# Wanted - FIXIE



## Young Un (10 Oct 2008)

*Wanted - FIXIE PARTS*

as the title suggest i would like a fixie or parts for a fixie for as little as possible as i am thinking of starting to commute to school

i am based in redditch, worcestershire - the closer the better

i think i need:

bb
bars and stem
front wheel - possible rearwheel
crankset
seatpost
brake levers and brakes
pannier rack


----------



## Joe24 (11 Oct 2008)

Or ask around in your cycle club for someone with an old fixed, old frame and te parts to build up into a fixed. They should all have something.


----------



## Young Un (11 Oct 2008)

im going to ask in the club on wednseday - have already put a post up on the forum


----------



## Young Un (14 Oct 2008)

anyone got anything - all things considered.


----------



## Joe24 (14 Oct 2008)

You asked around in your club Young Un.

Does this song resemble me
I am your role model


----------



## Young Un (14 Oct 2008)

not yet as i have not been to the club since i got the idea.

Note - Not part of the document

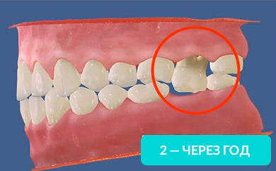 Через год изменения уже будут видны невооруженным глазом. Выдвинутый зуб будет мешать при протезировании противоположного. Придется подпиливать выдвинувшийся зуб или возвращать его на место с помощью ортоимплантов.

UNfortunately you are very kuch like my role model - you got a giant scr then i got one, you built your own fixed and now I want to build my own fixed.I am worried - I really am turning into JOe.


----------



## Joe24 (14 Oct 2008)

Its because fixed's are cool, innit
Some people in your club will be able to get you some fixed stuff sorted out, alot of them ran fixed in winter, and some have a bike tucked away somewhere that they havent used for years.


----------



## Young Un (14 Oct 2008)

hopefully so, I am going to ask around tomorrow.


----------